«16. Нет нерушимых заветов, ни тех, что от меня, ни тех, что от пророков.
17. Кто убивает во имя правды или хотя бы верит в свою правоту, не знает вины.
18. Не заслуживает содеянное человеком ни адского пламени, ни благодати небесной.»
(Хорхе Луис Борхес. Фрагменты апокрифического Евангелия, пер. В.Алексеева.)
ПРОЛОГ
В жаркой ночи степь кажется безразмерной, только небо раскидывает над ней свой игольчатый шатер, исчерканный метеорами. От огромной пустоты становится не по себе; кажется, что она дышит, и ты притаился на могучей груди спящего великана.
В ночной степи теряются звуки. Бывает иногда что-то видно: то по проселочной дороге катится клубок света от фар, то на пути черным призраком возникнет приземистое деревце, милое и безобидное днем, но пугающе уродливое ночью; внезапно надвинется приовражный холм, а тут и деревня, дома, окошки иногда теплятся за занавесками, если не слишком поздно. А звуков нет; даже идущего рядом человека порой приходится переспрашивать.
Это таинственно.
Еще таинственнее и красивее бывает, когда случается пожар. Огонь в степи и днем издалека заметен, но по-другому: столб дыма, и черного, и белого, ну прямо как случается иногда на площади святого Петра, но здесь не может быть никаких Habemus Papam; в безветренную погоду он клубами устремляется ввысь и чадит, будто выпущенный из чрева паровоза, и он гораздо гуще, чем жиденькая струйка, которая несколько раз в столетие тянется из печи Сикстинской капеллы.
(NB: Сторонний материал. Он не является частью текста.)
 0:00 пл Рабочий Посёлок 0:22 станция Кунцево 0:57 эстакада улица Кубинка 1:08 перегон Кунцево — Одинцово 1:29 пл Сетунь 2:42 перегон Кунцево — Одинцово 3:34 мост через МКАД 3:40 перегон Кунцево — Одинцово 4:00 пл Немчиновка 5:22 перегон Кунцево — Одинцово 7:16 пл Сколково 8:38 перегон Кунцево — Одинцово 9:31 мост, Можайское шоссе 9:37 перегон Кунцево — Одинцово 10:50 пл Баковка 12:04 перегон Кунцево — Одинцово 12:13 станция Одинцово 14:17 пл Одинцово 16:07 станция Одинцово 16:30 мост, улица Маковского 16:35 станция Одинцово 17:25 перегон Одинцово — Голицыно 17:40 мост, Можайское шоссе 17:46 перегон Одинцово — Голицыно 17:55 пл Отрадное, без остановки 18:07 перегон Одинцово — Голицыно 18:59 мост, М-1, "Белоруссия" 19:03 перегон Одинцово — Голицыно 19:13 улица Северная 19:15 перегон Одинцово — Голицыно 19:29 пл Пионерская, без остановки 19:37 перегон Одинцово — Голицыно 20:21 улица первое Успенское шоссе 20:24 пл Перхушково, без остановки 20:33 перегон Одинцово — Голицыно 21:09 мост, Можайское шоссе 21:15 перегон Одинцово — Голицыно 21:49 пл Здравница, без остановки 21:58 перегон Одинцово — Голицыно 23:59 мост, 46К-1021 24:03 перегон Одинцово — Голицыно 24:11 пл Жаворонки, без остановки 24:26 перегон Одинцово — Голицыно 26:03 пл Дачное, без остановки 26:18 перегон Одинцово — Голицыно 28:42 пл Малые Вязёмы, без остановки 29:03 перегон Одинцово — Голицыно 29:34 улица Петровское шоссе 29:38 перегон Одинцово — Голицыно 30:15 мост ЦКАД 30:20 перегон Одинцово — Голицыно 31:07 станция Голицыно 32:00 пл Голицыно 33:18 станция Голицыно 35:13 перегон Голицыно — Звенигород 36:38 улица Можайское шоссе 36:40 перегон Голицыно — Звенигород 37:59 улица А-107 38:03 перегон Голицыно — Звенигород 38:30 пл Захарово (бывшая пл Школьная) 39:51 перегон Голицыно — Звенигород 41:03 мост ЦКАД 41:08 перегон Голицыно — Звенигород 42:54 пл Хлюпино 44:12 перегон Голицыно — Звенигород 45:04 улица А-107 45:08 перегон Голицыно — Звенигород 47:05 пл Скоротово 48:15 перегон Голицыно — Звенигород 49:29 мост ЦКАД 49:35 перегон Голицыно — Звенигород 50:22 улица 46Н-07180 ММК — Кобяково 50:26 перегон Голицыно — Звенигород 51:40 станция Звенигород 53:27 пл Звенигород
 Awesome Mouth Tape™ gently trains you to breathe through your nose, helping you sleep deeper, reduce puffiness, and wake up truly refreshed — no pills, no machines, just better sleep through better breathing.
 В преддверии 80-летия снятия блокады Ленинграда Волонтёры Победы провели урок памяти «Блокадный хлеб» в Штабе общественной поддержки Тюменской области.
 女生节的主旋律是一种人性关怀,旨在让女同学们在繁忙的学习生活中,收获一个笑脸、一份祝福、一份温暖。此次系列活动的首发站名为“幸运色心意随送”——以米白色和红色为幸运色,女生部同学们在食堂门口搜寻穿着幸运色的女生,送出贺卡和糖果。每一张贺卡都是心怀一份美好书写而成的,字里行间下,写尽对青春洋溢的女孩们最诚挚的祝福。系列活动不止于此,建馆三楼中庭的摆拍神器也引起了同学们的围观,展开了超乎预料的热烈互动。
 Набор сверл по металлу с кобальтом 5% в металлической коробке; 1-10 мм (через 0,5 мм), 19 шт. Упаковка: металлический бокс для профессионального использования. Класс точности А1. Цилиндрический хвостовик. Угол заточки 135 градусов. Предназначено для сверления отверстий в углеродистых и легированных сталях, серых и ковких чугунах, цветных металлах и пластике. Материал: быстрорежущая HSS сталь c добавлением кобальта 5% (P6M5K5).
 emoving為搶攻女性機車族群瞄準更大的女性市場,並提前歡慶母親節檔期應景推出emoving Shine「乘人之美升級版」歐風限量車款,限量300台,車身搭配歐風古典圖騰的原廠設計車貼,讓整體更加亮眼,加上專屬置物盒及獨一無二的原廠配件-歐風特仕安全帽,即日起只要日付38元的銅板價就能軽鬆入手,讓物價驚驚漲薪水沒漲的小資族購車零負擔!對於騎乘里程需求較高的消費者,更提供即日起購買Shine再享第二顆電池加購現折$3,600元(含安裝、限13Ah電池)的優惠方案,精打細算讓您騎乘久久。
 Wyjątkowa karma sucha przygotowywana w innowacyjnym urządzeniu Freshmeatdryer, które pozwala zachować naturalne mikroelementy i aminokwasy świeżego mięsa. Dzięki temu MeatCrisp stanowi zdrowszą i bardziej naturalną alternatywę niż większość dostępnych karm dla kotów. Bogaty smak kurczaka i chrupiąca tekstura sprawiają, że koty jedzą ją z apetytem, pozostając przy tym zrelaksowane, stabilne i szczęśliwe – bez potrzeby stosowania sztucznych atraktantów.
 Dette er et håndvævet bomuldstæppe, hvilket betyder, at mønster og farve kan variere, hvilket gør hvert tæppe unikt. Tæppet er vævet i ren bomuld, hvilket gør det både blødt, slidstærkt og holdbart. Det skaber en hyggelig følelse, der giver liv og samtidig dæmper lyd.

Ночью же дым незаметен, зато видно само пламя, даже если оно находится во многих километрах от наблюдателя. Виден очаг возгорания — яростный, слепящий, видно, как беснуются языки огня, то взметываются ввысь, то припадают к земле, и — странное дело — они ничего не освещают, ночь от огня становится лишь темнее. Величественное и страшное зрелище.
Такое зрелище можно было увидеть из степи в одну августовскую ночь, когда звезды на небе особенно ярки. Собственно, сначала по дороге проскользнули тени, кто-то приглушенно свистнул, что-то звякнуло и тени кинулись врассыпную, их мгновенно поглотила тьма, и сразу вспыхнул забор в нескольких местах, и сразу — мощно, выкинув сноп искр, пламя перекинулось на дом, и дом вмиг объяло огнем. Как красиво это выглядело из степи!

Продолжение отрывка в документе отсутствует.